雨がしとしと降っている。これは五月雨というのだろうか、もう梅雨は終わったというのにしぶとい雨雲は何か恨みでもあるようでただ今暁が潜伏しているアジトの真上から一向に動こうとしない。うちのメンバーの誰かが雷さまに何かしたのだろうか。奴らなら有り得るな、と一人しみじみ頷くと背後に気配を感じたのでそちらに向く。大方暇な誰かだろう、と見当をつけていたのでそこにサソリがいることに大してリアクションしなかった。どうもサソリもそれを求めてはいなかったようで口も開かないわたしに対し何も言わなかった。何しに来たんだ、と疑問に思いつつもそもそも頭のいいサソリと会話するのは疲れてしまうので余計な発言は慎む。小馬鹿にされるのが落ちなのをそろそろ学習してきたわたしは目を合わせたあとすぐ首を元の位置に戻した。


「なあ」
「なに」


顔は見ない。背中を向けて本に目を落とすけどなかなか進めないでいた。同じ行を何回も読んでしまう。話し掛けるならもっとこっちに来ればいいのに、サソリは広間の入り口から動かない。


「外行こうぜ」


まるで拒否されることを頭に入れてないような物言いだった。それは前からで、だからといってわたしがサソリの言うことを全部聞いてきたわけじゃないというのに、その態度はずっと変わらなかった。何を持ってその口振りになるのかいつも気になっていたけれど、でも今聞くものでもないのでその疑問は先送りとする。


「嫌だよ」
「どうして」
「こっちの台詞だよ。どうしてこんな雨の日に外出ないといけないの」
「大事な用がある」
「知らない。一人で行けばいいじゃないの」
「そうやってなるたけ動きたくないっていう精神は褒められたもんじゃねえな」
「わかった。お腹痛い。はい正当な理由」
「じゃあ薬買いに行くぞ」
「意味わからん」


サソリ意味わからん。ここはサソリの支配下ではない。おまえのわがままが全部通ると思ったら大間違いだ。再度首を向けるけれど口をへの字にするのはわたしで、サソリはゆっくり瞬きするだけで特に動揺を表に出してはいなかった。
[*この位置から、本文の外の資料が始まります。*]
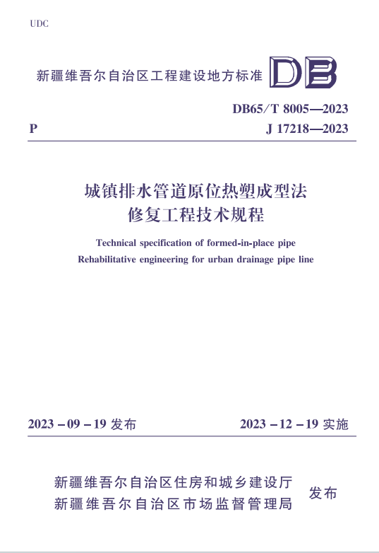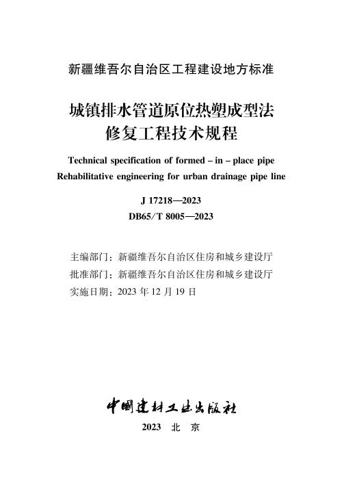 DB65/T 8005-2023 城镇排水管道原位热塑成型法修复工程技术规程
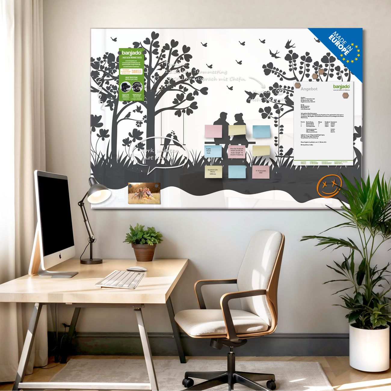 Jede Glas Magnettafel wird in unserer Werkstatt von Hand gefertigt und sorgfältig geprüft. So erhalten Sie ein echtes Qualitätsprodukt, das Funktion und Ästhetik perfekt vereint.?? Warum banjado?
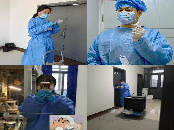 在校内的学生党员仝翊、王旭晴、雷彤、李浩天,入党积极分子张杰等同学也纷纷报名参加志愿者工作。当上川路校区因突发特殊情况采取对宿舍楼栋进行封控管理时,他们冲锋在前,主动报名加入到志愿者的队伍当中,为隔离在宿舍里的同学们分发餐食。
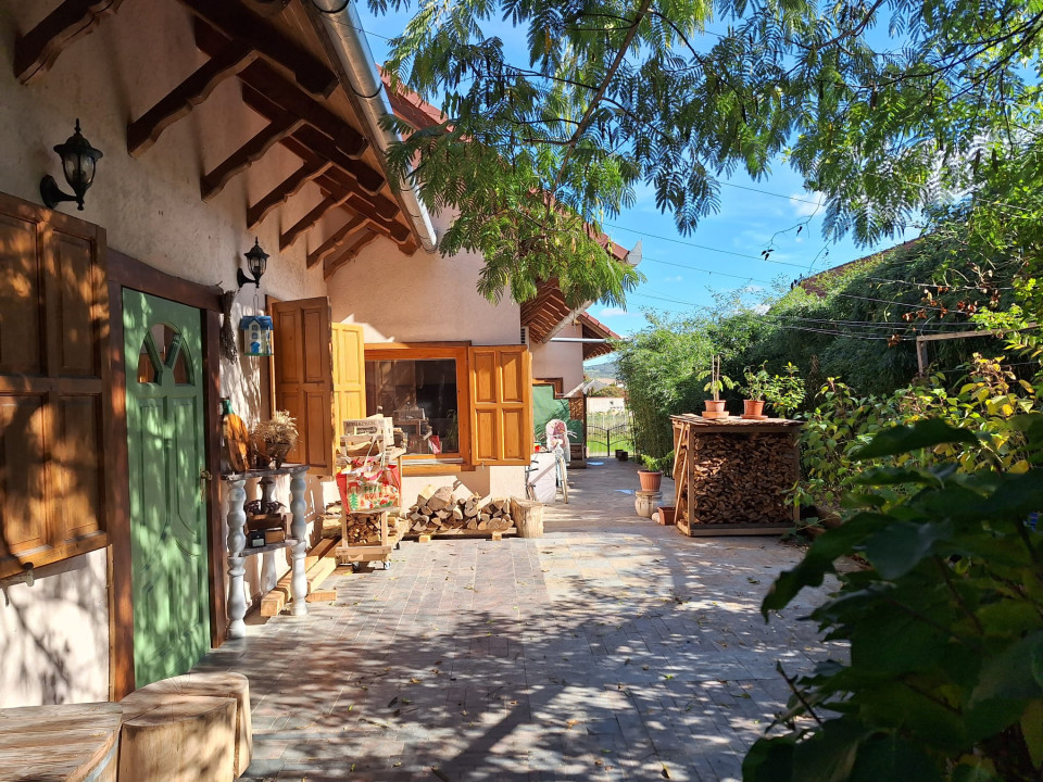 36 m² fedett közösségi terasz az erdő felőli oldalon (kerti csap, bográcsozó, tűzrakóhely, kültéri kandalló, grillező, pihenősarok)
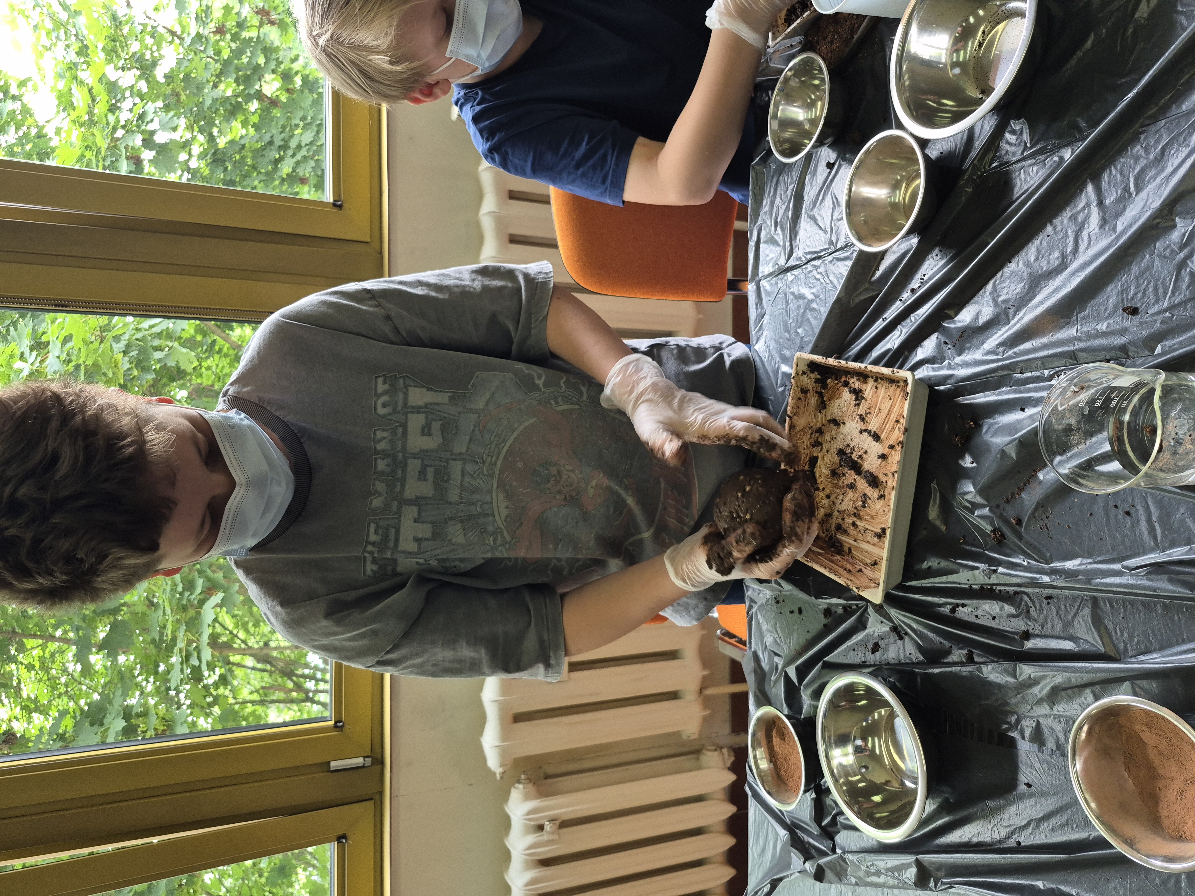 Kolejnym punktem programu były „bomby kwietne”. Dzieci z entuzjazmem mieszały torf, glinę oraz nasiona łąki kwietnej, tworząc małe kulki, które później mogły zasadzić w swoich ogrodach lub doniczkach. To kreatywne zajęcie nie tylko rozwijało ich zdolności manualne, ale także uczyło odpowiedzialności za rośliny.

「俺だって正直おまえを誘うのは不本意だが、今日暇な奴はおまえしかいねえんだ」
「今日である理由を述べよ」
「実験」


は?何の実験だよ。思ったことをそのまま声にするとサソリは口をにやりとさせたあと鼻で笑った。


「今日完成したんだ。思い立ったが吉日という言葉を知ってるか?」
「知ってる」
「この身体だ」


掌を見るため伏せた目はどこか憂いを帯びていた。その瞬間からわたしはこいつを遠い存在に感じるようになる。


「今まで雨の中に長時間いると関節が錆びたり皮膚が剥がれたりしていた。それじゃあこれからの戦闘に支障が出るだろ。だから水に強い改良を施した。それからついでに火にも強くしておいた。それに伴い手に管を通し術によって水と火を出せるようにした。今日はその改良が成功しているかを確認するために外に出る」


途中からサソリが何についてしゃべっているかわからなくなっていた。馬鹿にされないように真剣に聞いていたはずなのに、脳は途中で理解するのを放棄してしまっていた。だってあまりにも、サソリが自分の身体を人形のように扱うから。あくまで実験台のような。そんなの認めたくなくて考えることをやめた。
でもどうしてこいつがわたしと一緒にその実験を試したいのかわかってしまった。そこには何にもなく、ただ実験が失敗だったときの場合に備えて、誰かと一緒にいたいのだ。本当に今日暇なのはわたしだけだったようで、それ以外に他意はない。


「サソリはそれでいいの」
「何が?」
「そうやって…自分省みないでさあ…」
「…はっ。相変わらず馬鹿だな、


いいから言ってんだよ。俺は造形師だからな。
そんなことを言うサソリのことは一生認められない、のに、多分一生見捨てられないと思う。何が永遠を極めるだよ、おまえが一番馬鹿だ。